Here is a fun experiment for you. Get two pencils, not too sharp. Get a volunteer. Tell them to close their eyes, and tell you whether they feel one prick or two. Than, start exploring their body by poking them (lightly!) with both pencils close to each other, in carious spots. You will probably want a volunteer that you can get very up close and personal with.

What you will be doing is determining the resolution of skin sensitivity (which as pointed out above is a combination of actual mechanical receptors feeding into neurons, and the wiring of the cortex). You will typically find that a person's finger can tell one poke apart from two even if they are very very close - as close as you will be able to get to using pencils. On their back, you will likely have them reporting two pokes within a centimeter of each other as one. That's because there is not enough spatial resolution to tell them apart. This is not, however, proof enough to say that a square cm of back skin has only 1 neuron going to it - the true "resolution" is more complicated and I won't pretend I even know all the factors that go into figuring it out.
posted by blindcarboncopy at 7:48 PM on September 22, 2005


Everyone who's posted above is correct, and certainly cortical representation and recruitment is more important than nerve fiber density in terms of the sensory experience that a person has.
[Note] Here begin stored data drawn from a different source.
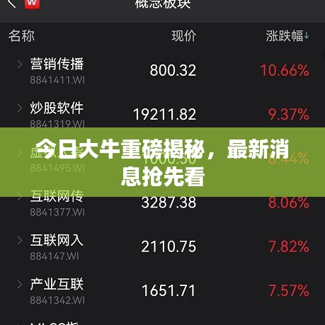 随着金融市场的不断发展和变化,大牛股的消息一直是投资者关注的焦点,我们将为您带来关于“今日大牛最新消息”的全面报道,带您了解最新的市场动态和投资风向。
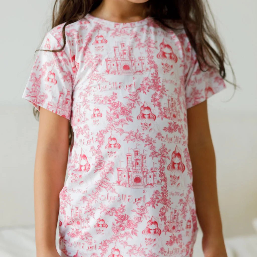 Amira, meaning “princess” in Arabic, is a charming short-sleeve top and pants set inspired by delicate florals and timeless princess themes. Adorned with castles, regional princesses, and the phrase أميرة الأميرات (“princess of princesses”), this enchanting design will make your little one feel truly royal.
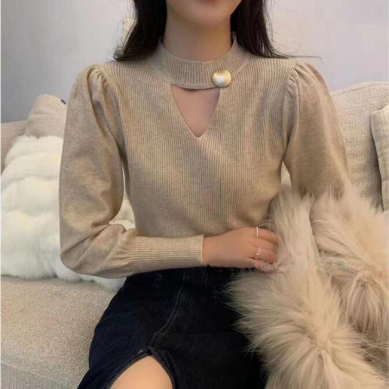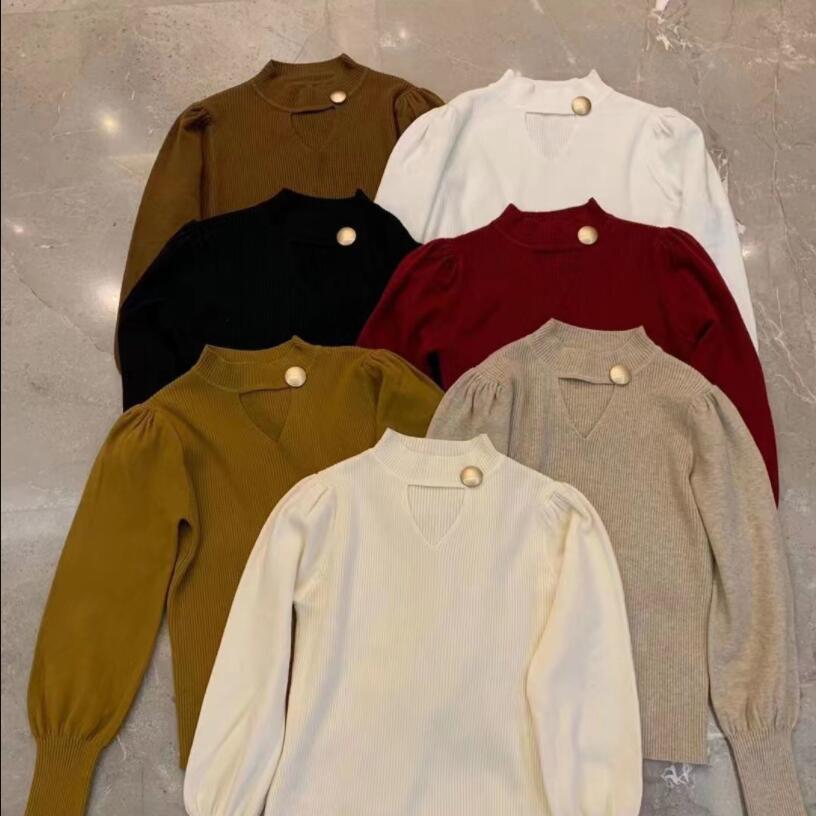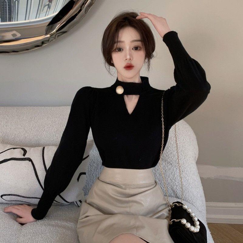 Трикотажный пуловер с полувысоким воротником, свитер, женский свитер с ключицей и длинными рукавами, осенне-зимний повседневный однотонный свитер, пуловеры, топы
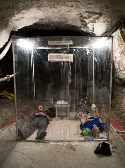 Hình ảnh một nhà thám hiểm trong phòng không khí lạnh để tránh cái nóng của hang động đẹp kì lạ này. Nhiệt độ thường xuyên lên đến trên 50 độ C cùng độ ẩm từ 90 – 100% của hang khiến cho quá trình nghiên cứu gặp rất nhiều khó khăn.

But no one's answered the OP's original question, which is a different question, and also interesting.

I don't know the answer either. I'll try to dig it out.
posted by ikkyu2 at 12:03 AM on September 23, 2005


The answer is found on page 436 of Principles of Neural Science, Kandel, Schwartz, and Jessel, 4th ed. (McGraw-Hill 2000, if you care.)
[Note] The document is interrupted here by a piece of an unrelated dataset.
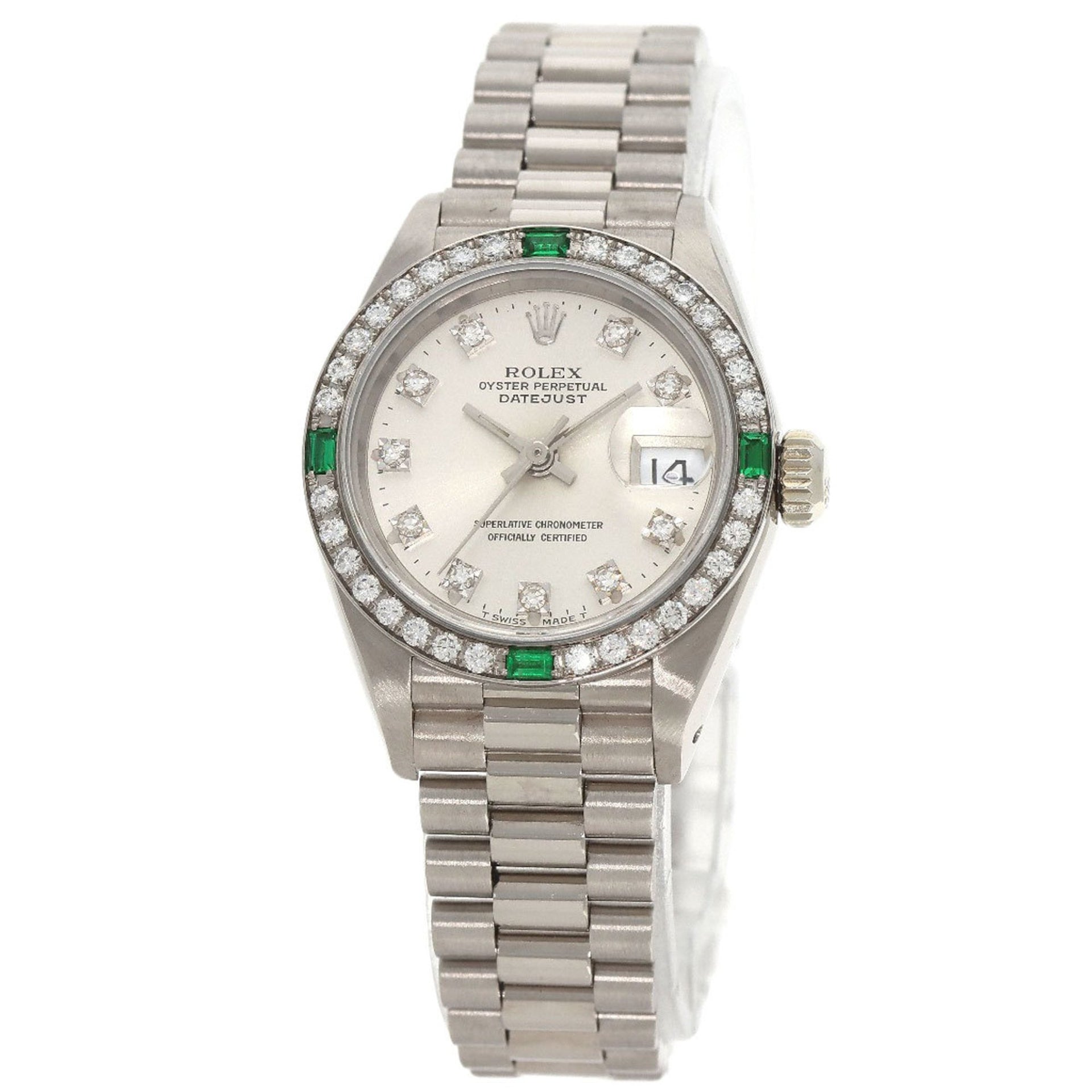 Rolex 69079G Datejust Diamond and Emerald Watch in 18K White Gold/18KWG with Diamonds, Women\'s

A section title on that page reads: The Spatial Resolution of Stimuli on the Skin Varies Throughout the Body Because the Density of Mechanoreceptors Varies.
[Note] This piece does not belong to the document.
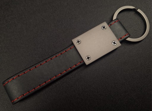 Stylowy i solidny brelok Volkswagen R-Line, idealny dla każdego fana marki. Wykonany z metalu oraz wytrzymałego materiału w kolorze czarnym z czerwonymi przeszyciami.
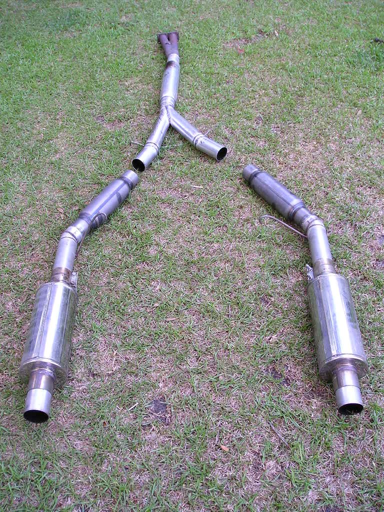 Heres the pics of my last exhaust. Starting at the engine side and moving backwards, the mufflers are an 18" long dynomax race bullet muffler, 2 moroso spiral flow mufflers, and 2 magnaflow 6" round polished SS mufflers. All mufflers are 3" in/out, the the pipe is single 3" to dual 3".

There are many different types of skin-based sensory receptors, and the different types are predominant in different locations. Also, the density of a single given type of receptor varies depending on where you are looking in the body.

Interestingly, because from 10-25 receptors are connected to a single afferent nerve fiber, the afferent nerve fibers behave differently depending on the location where their receptors are found. In places of low receptor density, for example, the individual fibers have larger "receptive fields."

If you were interested in learning more about this, Kandel, Schwartz, and Jessel is considered a definitive reference and is wonderfully well written and illustrated.
posted by ikkyu2 at 12:35 PM on September 24, 2005


Does someone with a bigger body feel more pain? Does a large penis have less sensation than a small one? I've often heard it said that big breasts have less sensation - is this just because the nerves are more widely spaced?

All of these questions immediately run into a philosophical conundrum: how do you compare subjective sensory intensities from person to person? The answer is that this cannot now be done in any kind of meaningful way that would satisfy our wish for scientific rigor.

Peripheral nerve structures in skin die off and regenerate all the time, too; and memory of sensations may not be accurate. So, asking about sensations in someone whose boobs shrank over time is also fraught with issues of validity.

Still, I'd be interested in hearing from boob-shrinky ladies, but I guess no one wants to admit that their boobs shrank on AskMe.